6. How do we compute the sequencing saturation?

To calculate the sequencing saturation of an RRBS sample, we adopt the following strategy. For each sample, we downsample it according to 4 different percentages (default: 0.1,0.2,0.4,0.6,0.8). Then, we compute the number of unique CpGs covered by at least 3 reads and the number of reads at each downsampling percentage.

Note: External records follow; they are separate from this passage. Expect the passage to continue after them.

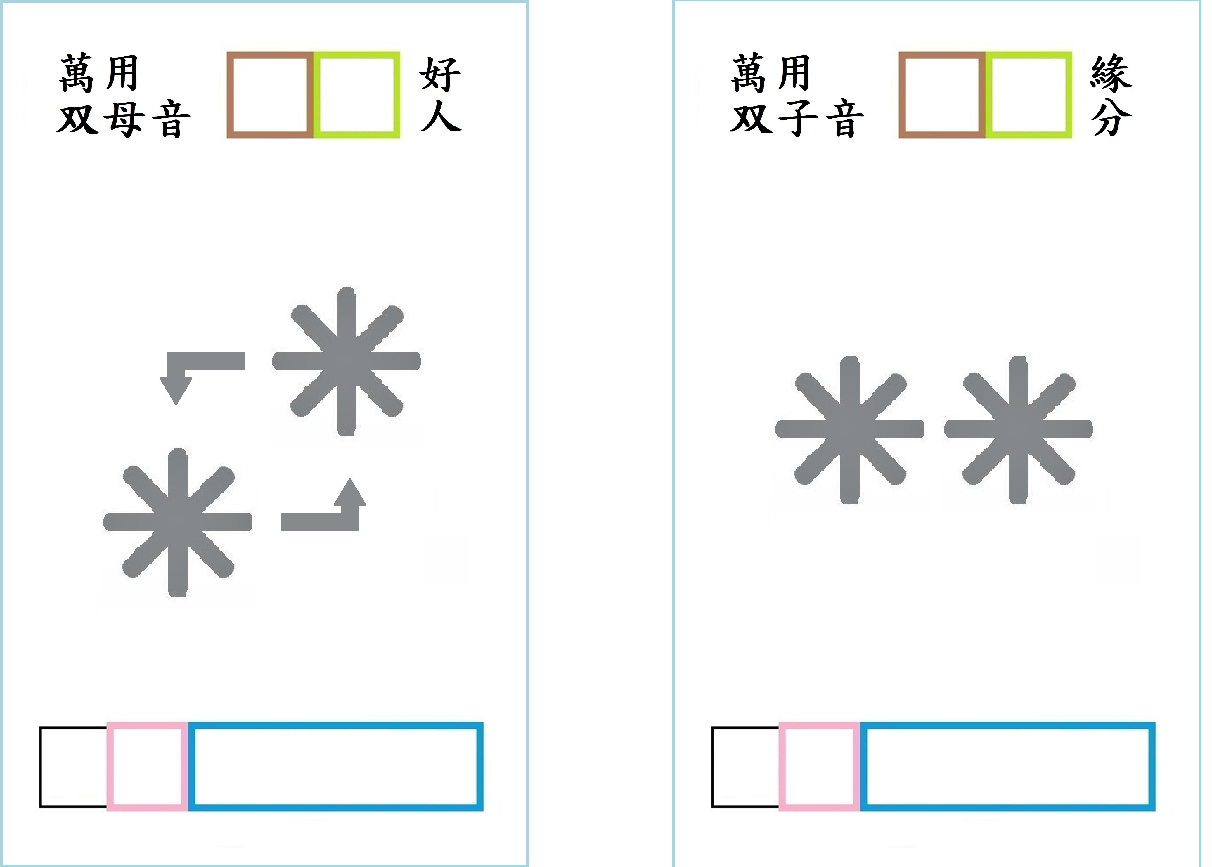 如此左邊那張代表ow 或 其它双母音、右邊那張代表fl 或其它双子音如 st、pl、sk、cr等等,就能把flower的 音縮減到三張牌。
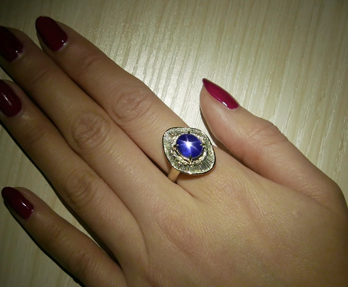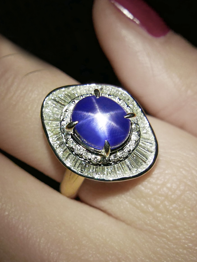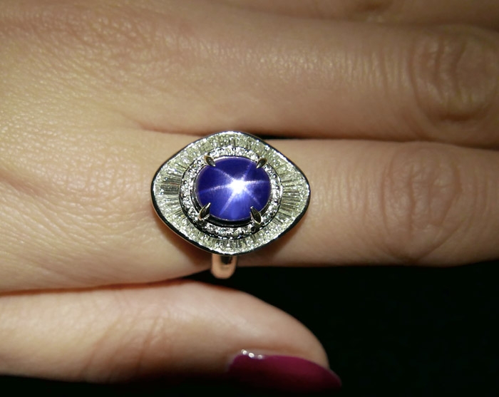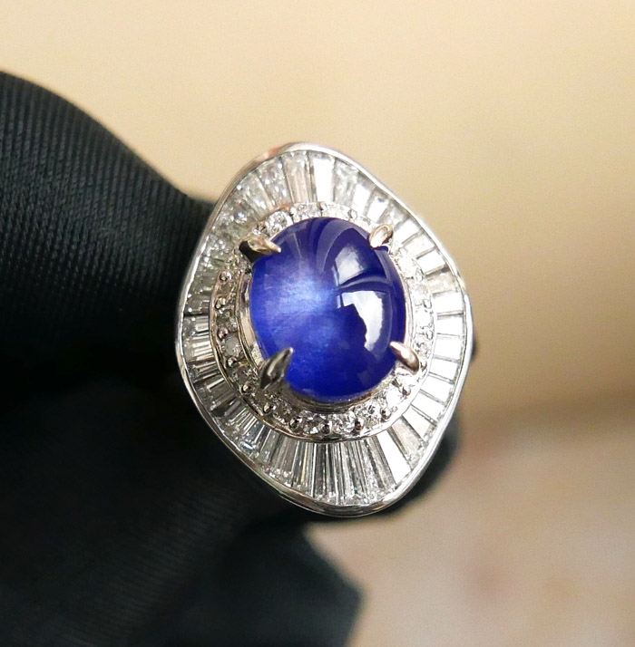 certificate 5.32ct Natural star sapphire ring PT900 gold jewelry 12.64gram site stone diamond WB Gem AE13
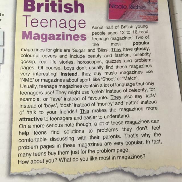 эбаут халф оф бритиш йанг пипл эйджд твелв то сикстин рид тинейдж мэгэзинс. ту оф зе мост попьюлар мэгэзинс фор гёрлс ар "Шугар" энд "Блисс". Зей хэв глосси каларфул каверс энд инклуд бьюти энд фэшн, селебрити госсип, рил лайф сторис, хороскопс, куизыс энд проблем пэйджес. Оф корс, бойс донт ужуалли файнд зииис мэгэзинс вери интерестинг! Инстед, зей бай мьюзик мэгэзинс лайк 'ЭНЭМИ' ор мэгэзинс эбаут спорт, лайк 'Шуут' ор 'Мэтч'.
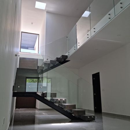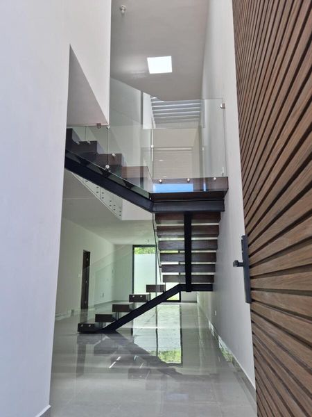 – Escalera con viga de IPR, con escalones de madera de encino con barandal de vidrio
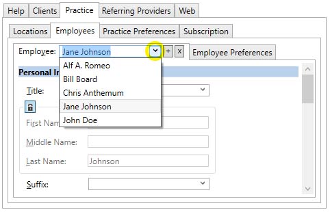 - In the the Employee Tab, next to the Employee : label,
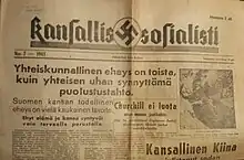 Kansallissosialisti was vocal opponent of the Swedish-language Svenska Pressen that was close to the liberal wing of the Swedish People's Party.[2] For example in 1943 when Svenska Pressen had written that Jews are hardworking citizens, Kansallissosialisti denounced it as "supporting the darkest type of liberalism" and that "thanks to the Jew all the dark and corrupting internationalist ideologies and movements have been brought to our country, all the writing, science and arts has been corrupted by them around the world, same as business, scholarship, society and statesmanship".[3][4]
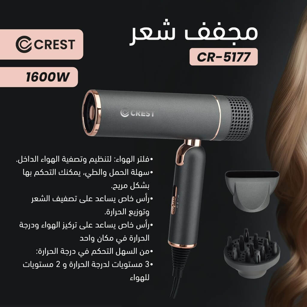 Crest Hair Dryer CR-5177 Dark Grey/Gold 1600Watt
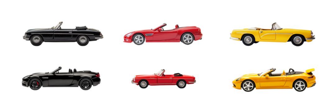 Brightly colored remote control car in red and blue with detailed features isolated on transparent background PNG
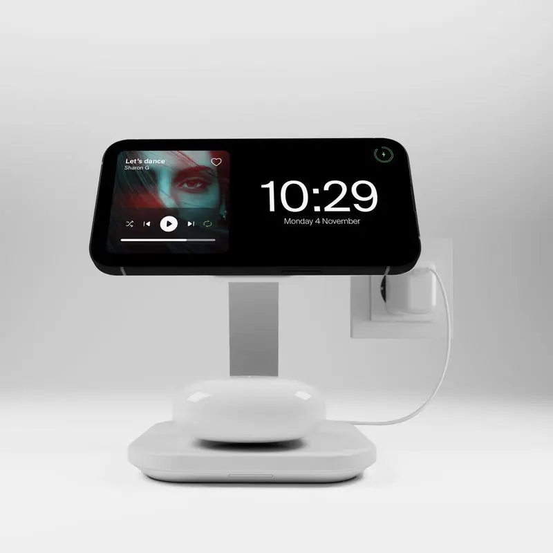 Il braccio verticale è compatibile con la tecnologia MagSafe e carica l’iPhone con una potenza massima di 15W, mentre alla base del supporto è possibile ricaricare gli AirPods in modalità wireless.
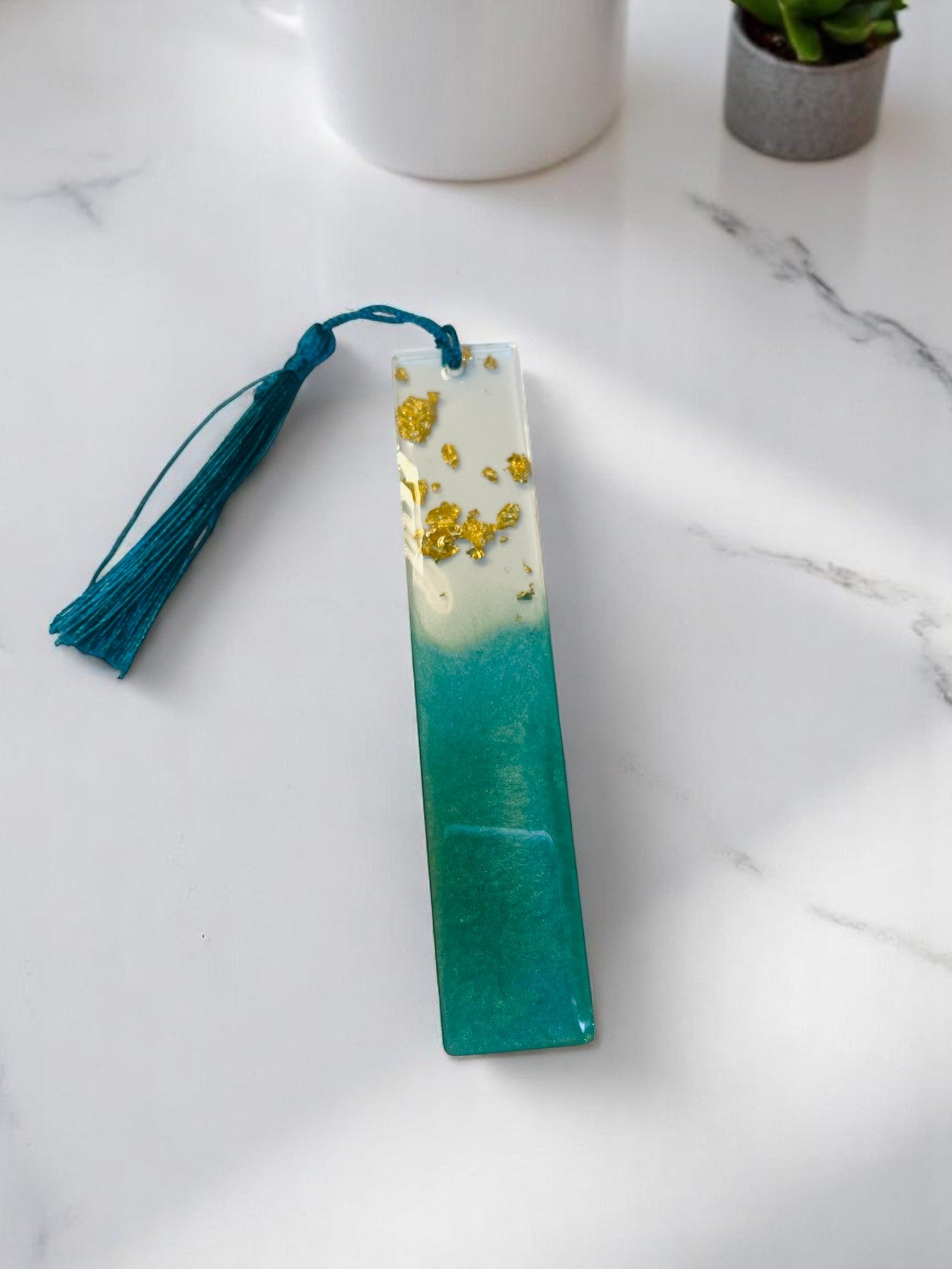 Ready to ship. A stunning mint resin bookmark with gold flakes, complete with a matching tassel.

We then fit the following curve using the scipy.optimize.curve_fit function:

$$ y = \beta_0 \cdot \arctan(\beta_1 \cdot x) $$

We chose the arctangent function because it exhibits an asymptotic growth similar to sequencing saturation. For large values of $\text{x}$ (as $\text{x} \to \infty$), the asymptote corresponds to the theoretical maximum number of unique CpGs covered by at least 3 reads and can be computed as:

$$ \text{asymptote} = \beta_0 \cdot \frac{\pi}{2} $$

Finally, the sequencing saturation value can be calculated as following:

$$ \text{Saturation} = \frac{\text{Number of unique CpGs (≥3 counts)}}{\text{Asymptote}} $$

This approach allows estimation of the theoretical maximum number of CpGs that can be detected given an infinite sequencing depth, and quantifies how close the sample is to reaching sequencing saturation.